* _EXERCISE DETAILS_
Would you restate, word for word, only the lines starting at the one with "2025年9月3日下午,自治" and ending with the final line of the entries below? Pictures stay out.

* _INFORMATION GIVEN_
□ □ □ □

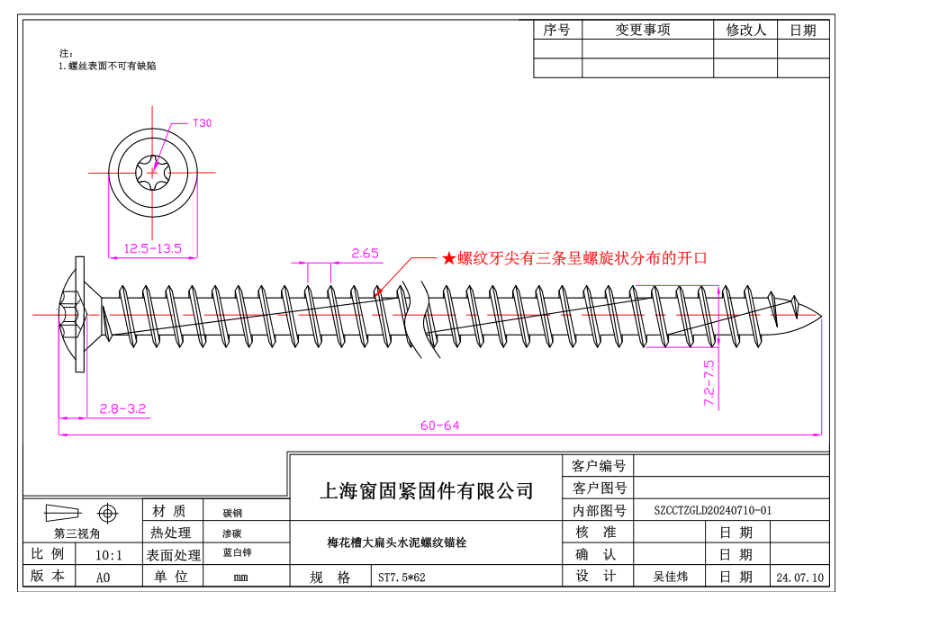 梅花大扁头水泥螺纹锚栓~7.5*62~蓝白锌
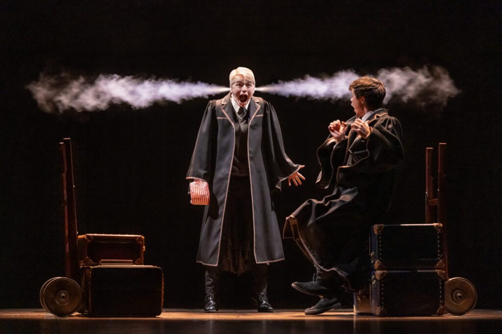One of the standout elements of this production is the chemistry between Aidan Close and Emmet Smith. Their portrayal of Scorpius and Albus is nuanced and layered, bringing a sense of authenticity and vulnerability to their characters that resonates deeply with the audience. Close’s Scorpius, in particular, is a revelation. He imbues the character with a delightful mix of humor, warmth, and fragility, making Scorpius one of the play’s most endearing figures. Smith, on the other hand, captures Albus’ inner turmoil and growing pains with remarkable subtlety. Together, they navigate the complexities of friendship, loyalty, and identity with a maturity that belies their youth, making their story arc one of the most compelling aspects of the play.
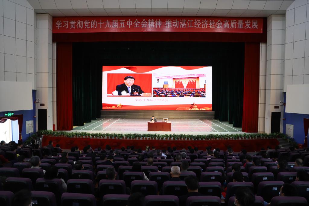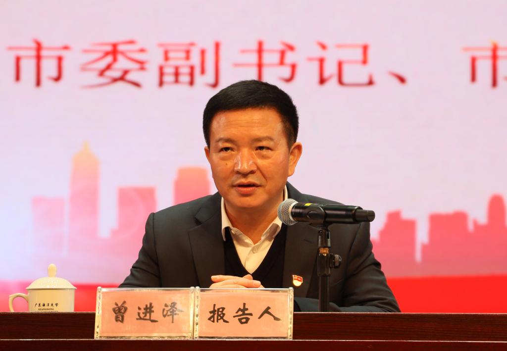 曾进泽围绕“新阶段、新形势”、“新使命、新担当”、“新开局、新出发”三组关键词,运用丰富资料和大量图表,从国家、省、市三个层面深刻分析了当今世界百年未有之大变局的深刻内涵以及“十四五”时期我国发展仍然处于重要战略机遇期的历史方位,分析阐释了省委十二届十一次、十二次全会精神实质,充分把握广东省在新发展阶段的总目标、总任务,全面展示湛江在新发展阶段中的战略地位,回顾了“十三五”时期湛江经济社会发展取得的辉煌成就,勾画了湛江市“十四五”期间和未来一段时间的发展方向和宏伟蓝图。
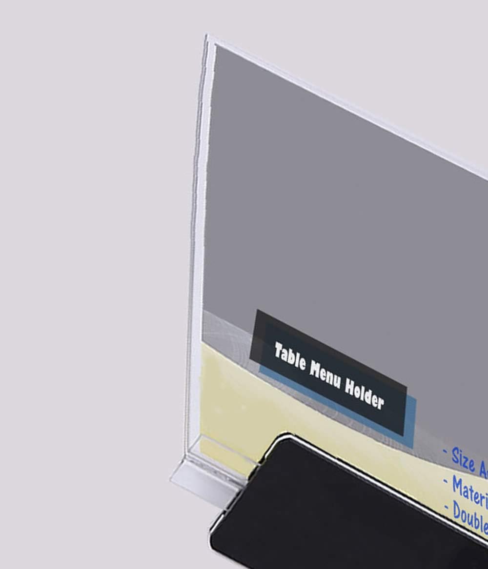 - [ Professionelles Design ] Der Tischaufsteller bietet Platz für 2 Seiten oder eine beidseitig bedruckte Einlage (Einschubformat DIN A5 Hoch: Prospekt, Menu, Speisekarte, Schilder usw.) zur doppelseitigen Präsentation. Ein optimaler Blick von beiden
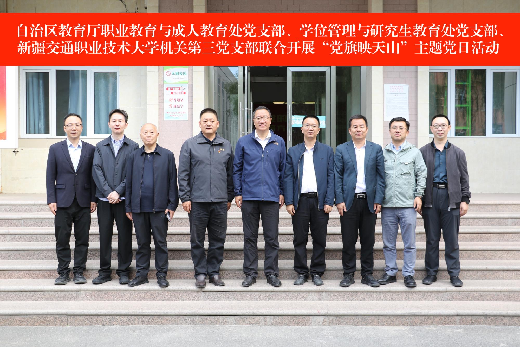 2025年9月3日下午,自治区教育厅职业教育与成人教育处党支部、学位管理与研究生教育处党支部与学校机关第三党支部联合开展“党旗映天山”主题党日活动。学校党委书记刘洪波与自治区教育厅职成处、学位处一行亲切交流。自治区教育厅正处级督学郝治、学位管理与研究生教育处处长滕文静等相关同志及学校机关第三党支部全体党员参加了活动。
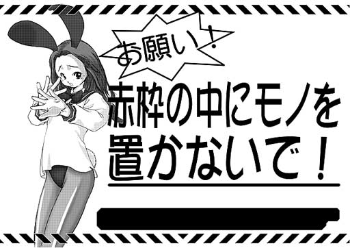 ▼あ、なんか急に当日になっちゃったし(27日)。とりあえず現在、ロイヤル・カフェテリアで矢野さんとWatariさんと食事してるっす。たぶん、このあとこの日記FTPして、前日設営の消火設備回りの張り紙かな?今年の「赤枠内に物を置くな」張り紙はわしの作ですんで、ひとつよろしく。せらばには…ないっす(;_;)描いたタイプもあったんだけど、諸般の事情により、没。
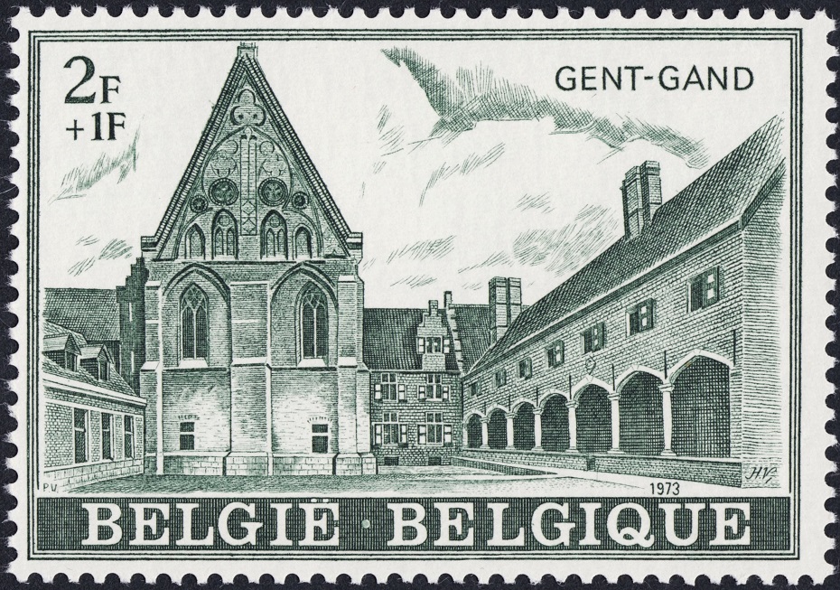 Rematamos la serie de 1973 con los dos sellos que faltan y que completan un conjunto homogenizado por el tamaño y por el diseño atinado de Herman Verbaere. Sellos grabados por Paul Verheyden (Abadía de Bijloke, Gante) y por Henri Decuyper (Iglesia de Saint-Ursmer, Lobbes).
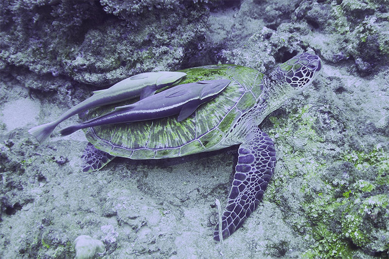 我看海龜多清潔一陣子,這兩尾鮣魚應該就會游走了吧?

□ □ □ □

* _SOLUTION TO THE EXERCISE_
 2025年9月3日下午,自治区教育厅职业教育与成人教育处党支部、学位管理与研究生教育处党支部与学校机关第三党支部联合开展“党旗映天山”主题党日活动。学校党委书记刘洪波与自治区教育厅职成处、学位处一行亲切交流。自治区教育厅正处级督学郝治、学位管理与研究生教育处处长滕文静等相关同志及学校机关第三党支部全体党员参加了活动。
 ▼あ、なんか急に当日になっちゃったし(27日)。とりあえず現在、ロイヤル・カフェテリアで矢野さんとWatariさんと食事してるっす。たぶん、このあとこの日記FTPして、前日設営の消火設備回りの張り紙かな?今年の「赤枠内に物を置くな」張り紙はわしの作ですんで、ひとつよろしく。せらばには…ないっす(;_;)描いたタイプもあったんだけど、諸般の事情により、没。
 Rematamos la serie de 1973 con los dos sellos que faltan y que completan un conjunto homogenizado por el tamaño y por el diseño atinado de Herman Verbaere. Sellos grabados por Paul Verheyden (Abadía de Bijloke, Gante) y por Henri Decuyper (Iglesia de Saint-Ursmer, Lobbes).
 我看海龜多清潔一陣子,這兩尾鮣魚應該就會游走了吧?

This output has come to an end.